■ STORED DATA ■
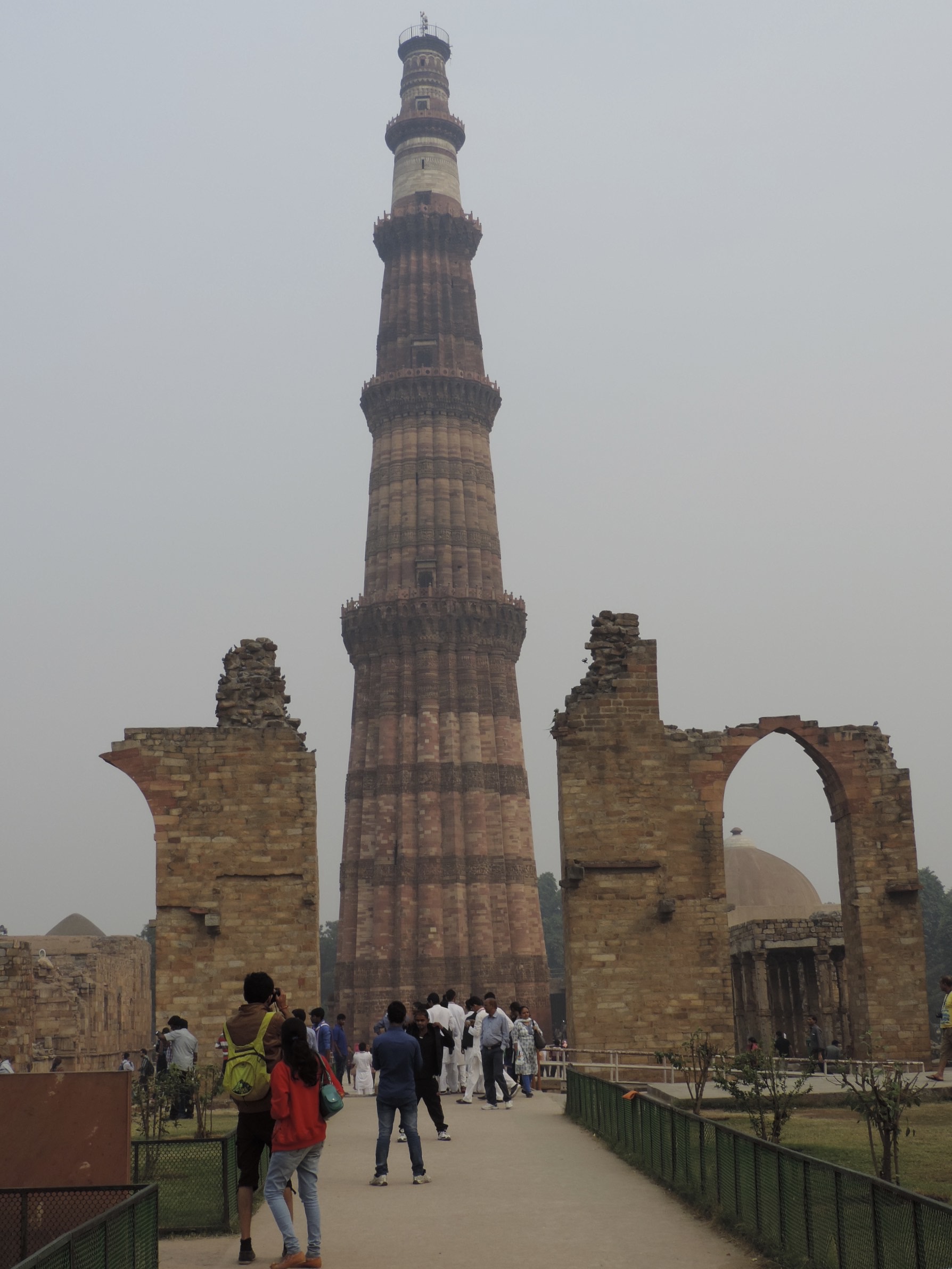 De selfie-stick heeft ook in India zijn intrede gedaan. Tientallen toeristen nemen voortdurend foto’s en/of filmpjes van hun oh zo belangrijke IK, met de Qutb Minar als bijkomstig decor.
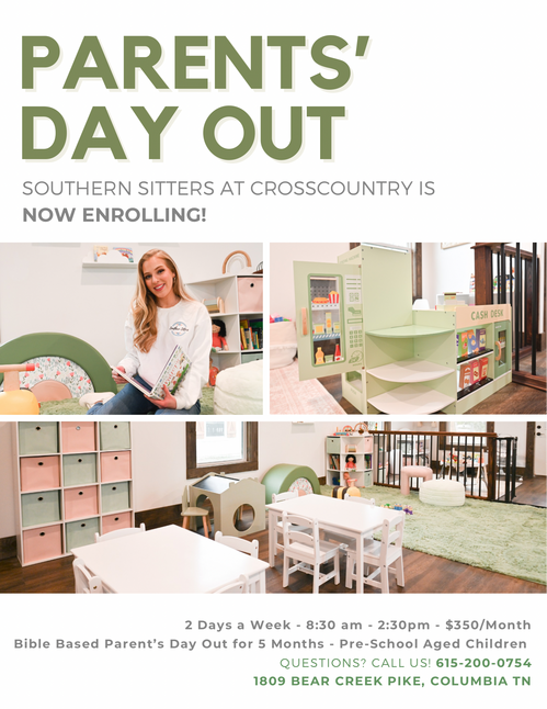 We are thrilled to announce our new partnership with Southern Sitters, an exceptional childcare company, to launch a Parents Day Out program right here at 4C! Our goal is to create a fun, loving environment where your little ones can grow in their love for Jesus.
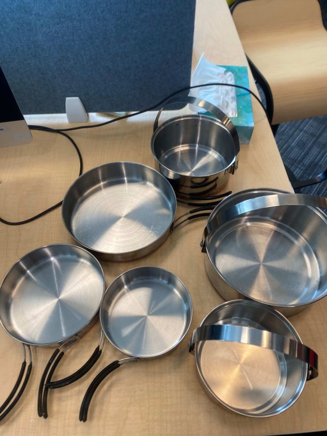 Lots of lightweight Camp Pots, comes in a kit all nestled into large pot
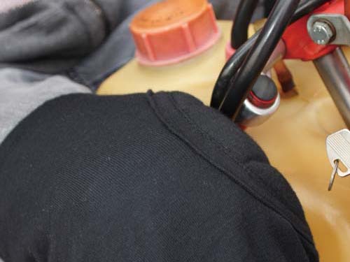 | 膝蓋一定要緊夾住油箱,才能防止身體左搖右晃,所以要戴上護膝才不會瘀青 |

■ PROMPT ■
Leave out all pictures and extract exactly the lines from the line with "We are thrilled" through the end of the material.

■ ANSWER SECTION ■
 We are thrilled to announce our new partnership with Southern Sitters, an exceptional childcare company, to launch a Parents Day Out program right here at 4C! Our goal is to create a fun, loving environment where your little ones can grow in their love for Jesus.
 Lots of lightweight Camp Pots, comes in a kit all nestled into large pot
 | 膝蓋一定要緊夾住油箱,才能防止身體左搖右晃,所以要戴上護膝才不會瘀青 |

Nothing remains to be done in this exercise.